From 2000 onward, he spent years training as a terrorist with Pakistan's Lashkar-e-Taiba jihadist organization. More intriguing than that are his claims he had a Pakistani government handler from 2006 to 2009 - a "Major Iqbal," reputedly a serving member of the Inter-Services Intelligence Directorate (ISI).

Mr. Headley testified that Major Iqbal's group ran him through more than 50 intensive courses in surveillance, countersurveillance and general spy craft - all before he sneaked into India to videotape the Mumbai landmarks that were eventually attacked by Lashkar gunmen in 2008.

Pressed by defence lawyers on Thursday for details about his ISI links, Mr. Headley seemed evasive at times. He said he never learned Major Iqbal's full name nor did he ever figure out who his master's bosses were. Asked where they met, Mr. Headley said it was in a white house in a busy Lahore neighbourhood - but he didn't have an address and nor could he give directions verbally.

Defence lawyers were left to ask: If Mr. Headley truly was a man trained to operate in the shadows by the ISI, why was he so often so indiscrete?

The Headley testimony is that he told at least one of his wives (there were two) and Mr. Rana about the Mumbai plot long before it was executed. Afterward, he all but telegraphed his never-executed attack against Denmark.

In the Chicago court, Mr. Headley said that after his initial surveillance trip to Denmark in 2009, he brought four or five souvenir baseball hats marked with "Copenhagen" across the brim back to Pakistan for his intimates - as a kind of macabre inside joke they all immediately understood.

Frequently, Mr. Headley referred to the terrorist scheme in written communications as the "Mickey Mouse Project" - which defence lawyers pointed out was a pretty clear allusion to the fact he planned to kill a cartoonist. "I guess I didn't do a very good job making a code," Mr. Headley deadpanned, to chuckles in the courtroom.

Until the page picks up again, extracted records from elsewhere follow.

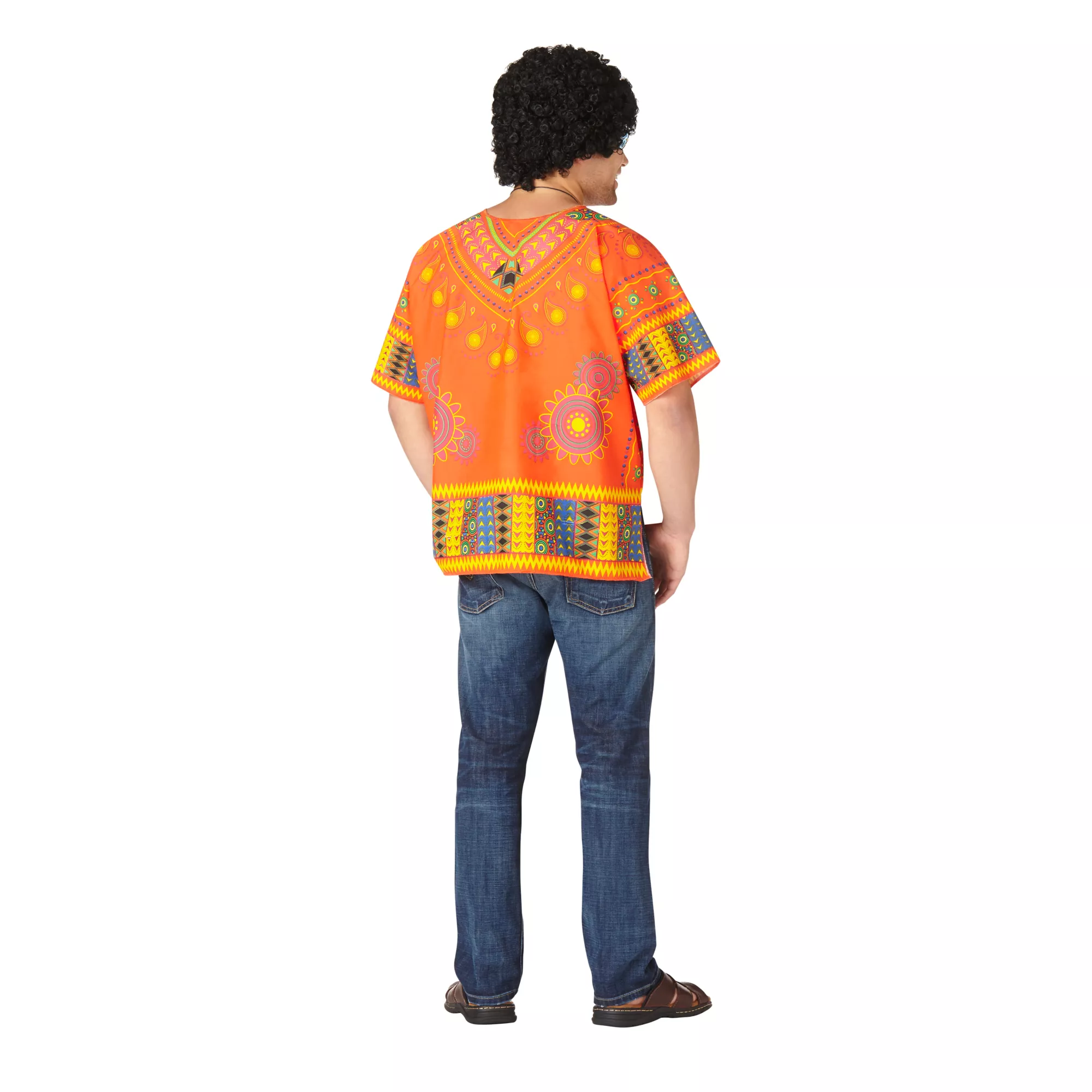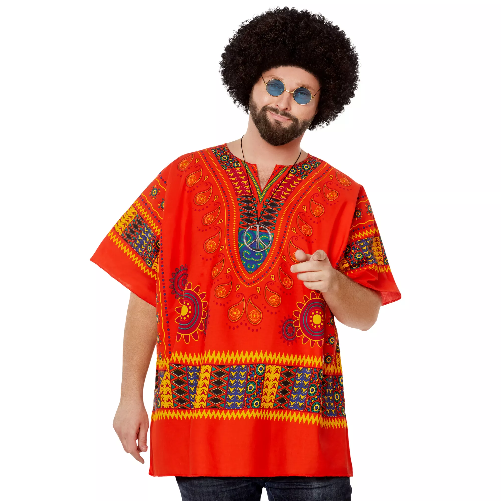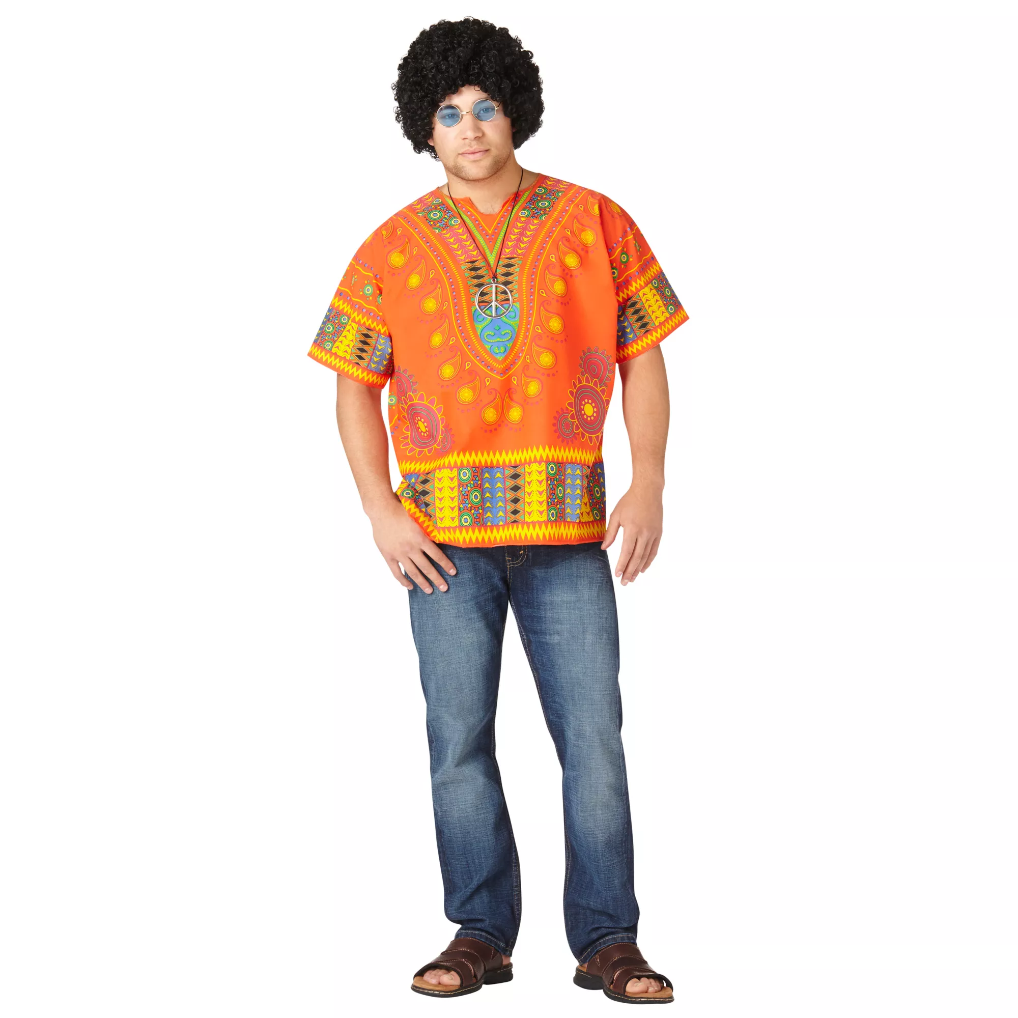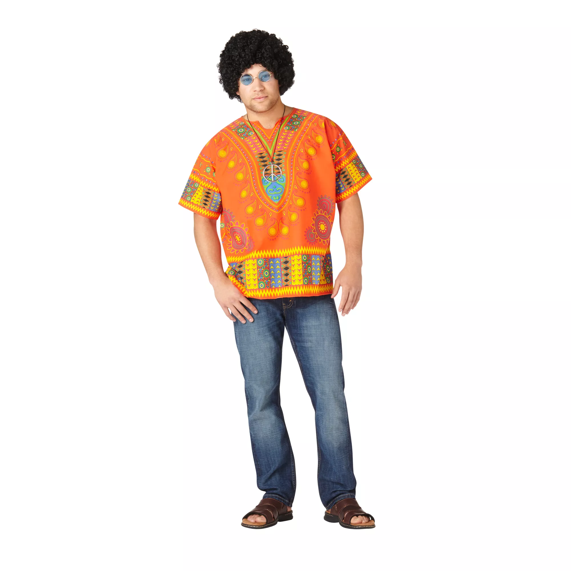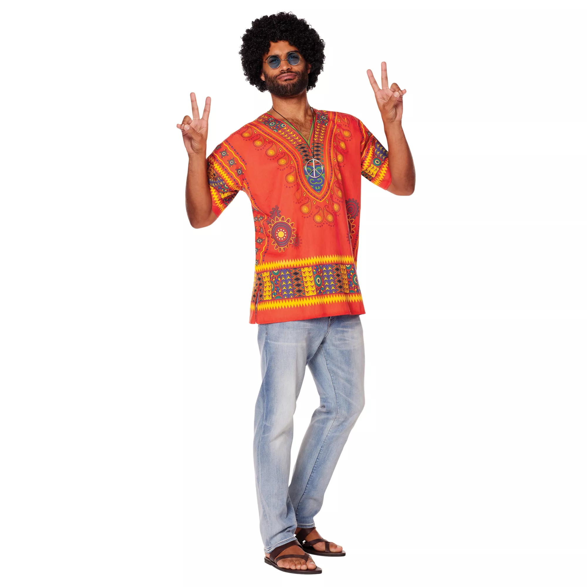 Show off your groovy side with this awesome hippie costume! Featuring a brightly colored shirt, wig afro, vintage glasses, and a peace sign necklace, this costume is perfect for anyone who wants to look as though they've traveled in time just to party!
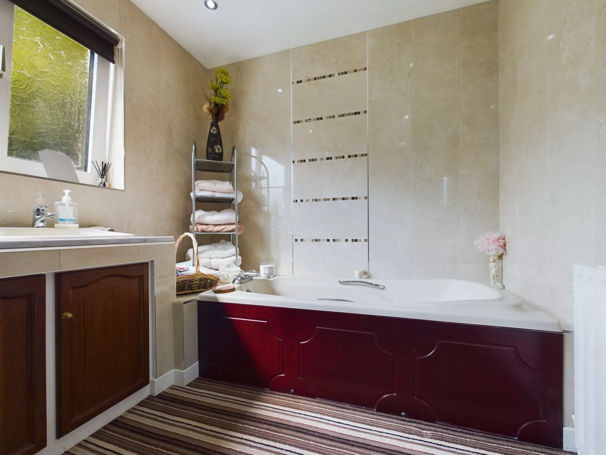 The en-suite is a well-appointed four-piece bathroom, thoughtfully designed for both style and functionality. It features his and hers sinks set within a bespoke vanity unit, a corner shower enclosure, a panelled bath, and a low level WC. An obscure UPVC double glazed window to the rear provides natural light while maintaining privacy. The space is further enhanced by a heated towel rail radiator and fully tiled walls, offering a polished and luxurious finish.
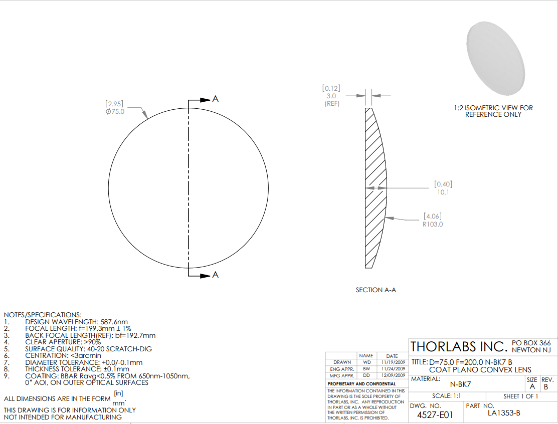 其中n是折射率,R是透镜表面的曲率半径。这些透镜使用阿贝数为64.17的N-BK7材料生产;阿贝数是色散指标。
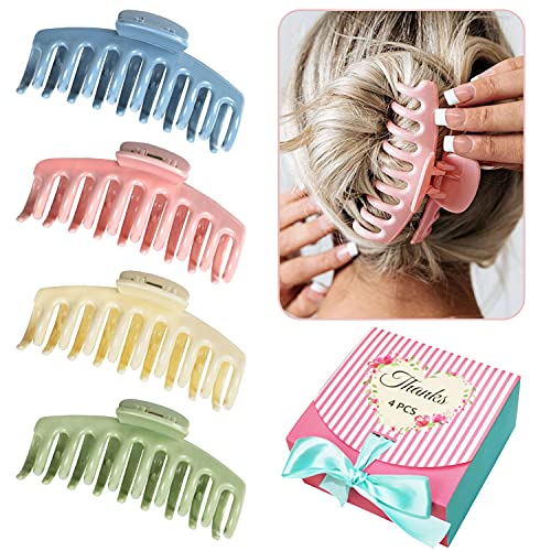 ESGHIFIVE - مشابك شعر كبيرة طويلة مخلبية 4.3 بوصة، مقاومة للانزلاق لتثبيت الشعر الكثيف والطويل، اكسسوارات للنساء والبنات مع علبة - 4 قطع
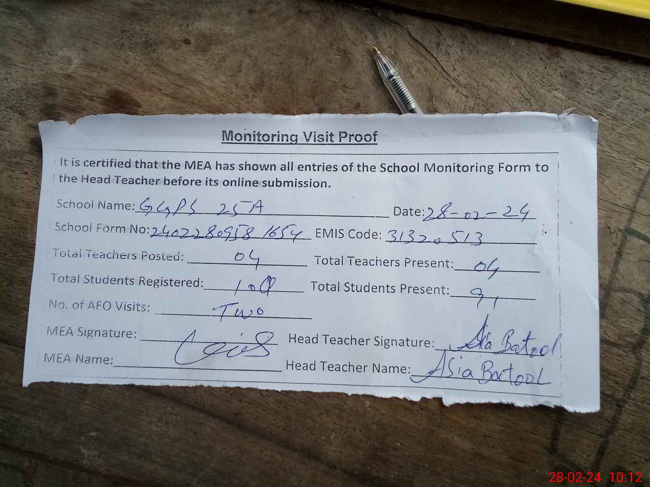 | EMIS Code: 31320513 | Name of School: GGPS CHAK NO.25/A | |||

Defence lawyers questioned Mr. Headley's claims that he filled in Mr. Rana on the gory details of the Denmark plot. It was ever in flux, but in its most ambitious incarnation, gunmen would storm the newspaper, decapitate staff members and throw the heads out of windows.

How did Mr. Rana, never himself a violent man, react to that? "He just said 'Okay' ... He wasn't jumping with joy ... He didn't object," Mr. Headley replied.

The two men had met in military school nearly 40 years ago, with trouble being as much a constant in Mr. Headley's adult life as diligence was in Mr. Rana's.

Dressed in a windbreaker and Adidas track pants, Mr. Headley stood ramrod straight when the judge and jury entered the room.

He testified that he had fancied himself a soldier, of sorts, and at times he seemed an almost visible counterpoint to the slouched, suited and slight figure of his confidant Mr. Rana, whose hair has turned snow white.

When defence lawyers suggested to Mr. Headley that he often made small talk with Mr. Rana just to advance his schemes, the self-styled Islamic warrior furrowed his brow.

"When you care about somebody you ask what they are doing," Mr. Headly replied, sounding almost hurt by the suggestion he was always working some angle or another.